If she could learn to love him! These words have caused me to think if Minnie could ever learn to love--have caused me to ask myself if love is not intuitive to her, as it was to her mother. My anxiety is deepened by the thought. I am afraid to think further.

Every thing depends upon Joshua. If she loves him, and he encourages her, he is false to his friend, false to honor. My duty is plain. I must watch first, and discover if or there be any foundation for the accusation, if it emanates from spite and vindictiveness.

I close the book and lock it in my desk, for fear other eyes than mine should see what I have written.

Notwithstanding the bodily pain I have suffered, I have so far controlled it as to visit Mrs. Marvel's house during the last three days, and to sit with the young people as if nothing ailed me. I am beset with doubt. I know not what to think. I have watched every look, every movement; and I am afraid that my anxiety has caused me to be uncivil and abrupt. I do not think that any one but Mrs. Marvel has noticed my anxiety or any change in me; but I have observed her sometimes look at me questioningly, as if wondering at my changed manner.

That Minnie has an affection for Joshua is certain: she strives to prevent it being observed, and I think no one suspects her. If there is any secret understanding between her and Joshua, I have not discovered it. He treats her kindly and affectionately, but he is chiefly attentive to Ellen. But still the letter says that he avails himself of "every secret opportunity" to see her.
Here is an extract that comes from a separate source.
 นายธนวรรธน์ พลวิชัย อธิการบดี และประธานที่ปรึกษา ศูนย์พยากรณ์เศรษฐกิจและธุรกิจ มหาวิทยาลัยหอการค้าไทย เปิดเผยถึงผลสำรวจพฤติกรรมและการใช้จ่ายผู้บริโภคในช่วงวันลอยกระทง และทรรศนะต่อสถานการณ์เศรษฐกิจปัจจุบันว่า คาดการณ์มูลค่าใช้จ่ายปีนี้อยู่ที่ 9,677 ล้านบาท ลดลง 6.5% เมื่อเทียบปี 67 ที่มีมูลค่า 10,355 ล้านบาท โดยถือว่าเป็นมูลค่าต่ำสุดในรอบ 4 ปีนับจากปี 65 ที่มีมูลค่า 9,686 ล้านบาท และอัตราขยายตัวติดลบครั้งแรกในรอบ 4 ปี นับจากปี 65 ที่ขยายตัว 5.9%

If that be true, it is not likely that he would betray himself in the presence of his friends. I must act upon the results of my observation. I must endeavor to keep Minnie from visiting Mrs. Marvel's house so frequently; it may prevent her feelings from ripening into love. In a few weeks Joshua will be away, and then all danger will be over for a time. I am, indeed, loath to believe any wrong of him; he seems to have preserved the simplicity of character and the goodness of heart for which I used to admire him.

I am glad I commenced this record; for my thoughts are often very confused, and my memory is impaired.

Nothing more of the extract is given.